In the context of an ijara facility, a total loss of the underlying asset (with no fault on the part of the customer) will discharge the customer from making any further lease payments to the financier, since the subject matter of the lease has ceased to exist. As the asset is likely to be insured, the financier’s primary risk is that the insurance proceeds may be insufficient to repay the facility in full, and it will have no further claim against the customer, except perhaps an indemnity or a claim for the customer’s failure to procure adequate insurance (as services agent of the financier). The bank therefore assumes the risk of total loss.
Finally, Islamic financiers can only transact with businesses or invest in assets that are shariah compliant. Therefore, Islamic financial institutions cannot lend to entities or businesses involved in the production or consumption of alcohol, pork, gambling, armaments or pornography, or in any other socially harmful or unethical venture which is repugnant to the principles of shariah.
For the most part, the risk and reward in an Islamic facility is substantially similar to a conventional facility. Critics therefore argue that the underlying transaction, whether an ijara or murabaha etc, only serves to whitewash an otherwise prohibited interest based arrangement.
Shariah scholars have responded to this criticism by arguing that even though the return earned and the risk taken by Islamic financiers is similar to that of conventional lenders, the manner in which this return is earned is halal. It is argued that in a murabaha transaction, for example, the Islamic financier takes the risk of a fall in commodity/asset price, albeit for a short period, by purchasing and selling the assets to the customer, thus being entitled to a return on the trade. In the context of an ijara, it is argued that the Islamic financier takes the risk of ownership of the leased asset and charges rent, the rent being its compensation for taking such risk. The mere fact that the profit or rent is calculated by reference to an interest rate benchmark does not make the transaction un-Islamic.

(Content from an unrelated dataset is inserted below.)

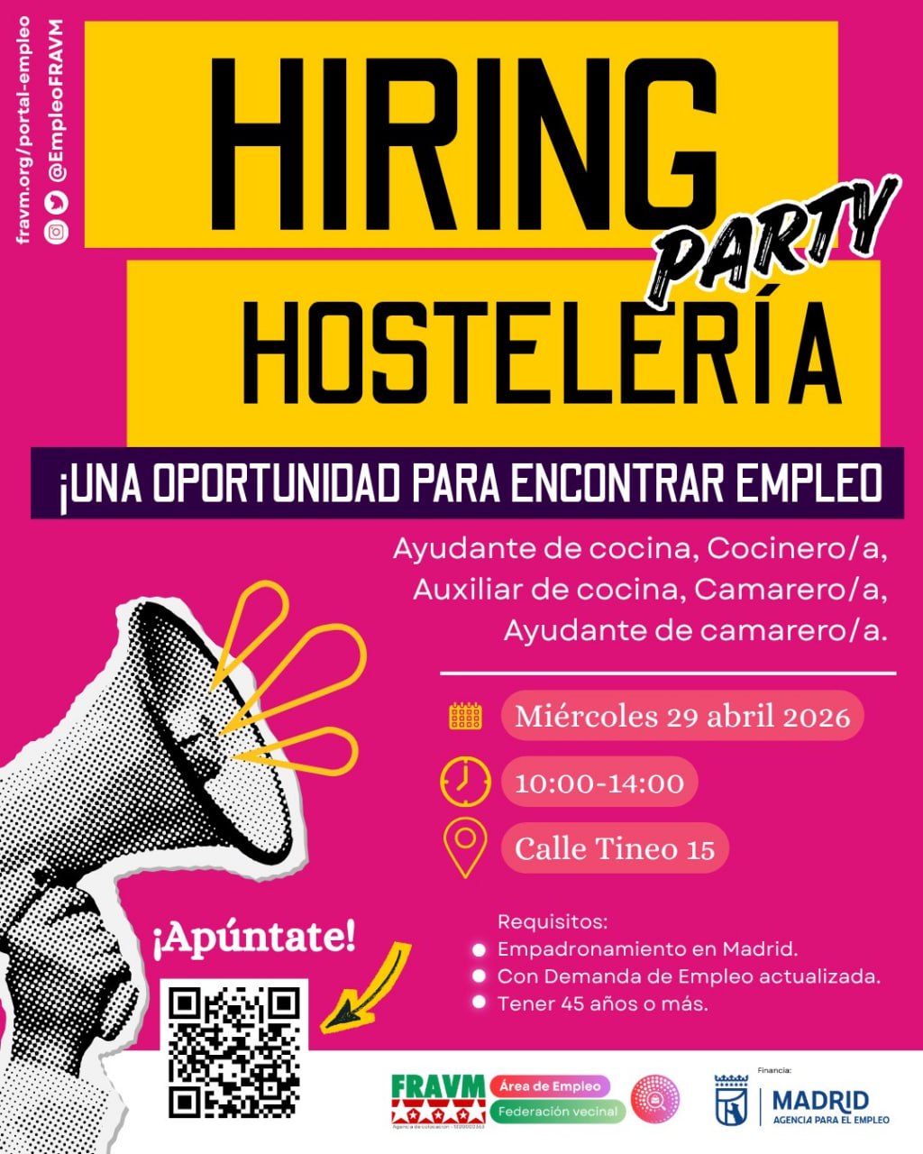 Desde el Área de Empleo de la FRAVM, en el marco del programa Impulso +45 y con la financiación de la Agencia para el Empleo del Ayuntamiento de Madrid, os invitamos a participar en un encuentro ágil donde conectamos directamente a personas en búsqueda activa de empleo con empresas que necesitan cubrir puestos reales.

Islamic financing techniques developed in trading societies, within the framework of the prohibition on interest, in order to facilitate commerce and trade. The financier therefore acted as partner or trading counterparty, and shared some of the risk, thus justifying the payment of a return from the venture. Whether contemporary Islamic financing techniques which seek to mimic conventional lending arrangements with fixed rates of return do justice to the principles of shariah is still a matter of debate amongst scholars and practitioners.
However, given the commodification and standardization of loan markets, it is perhaps impractical to assume that Islamic banks will be able to operate on the basis of non-standardized and non-benchmarked rates of return; Islamic banks cannot be expected to act like private equity providers. Reconciling the principles of shariah with modern banking is a balance which will continue to fuel further innovation in this area, perhaps bring Islamic finance ever closer to the underlying ideals of shariah.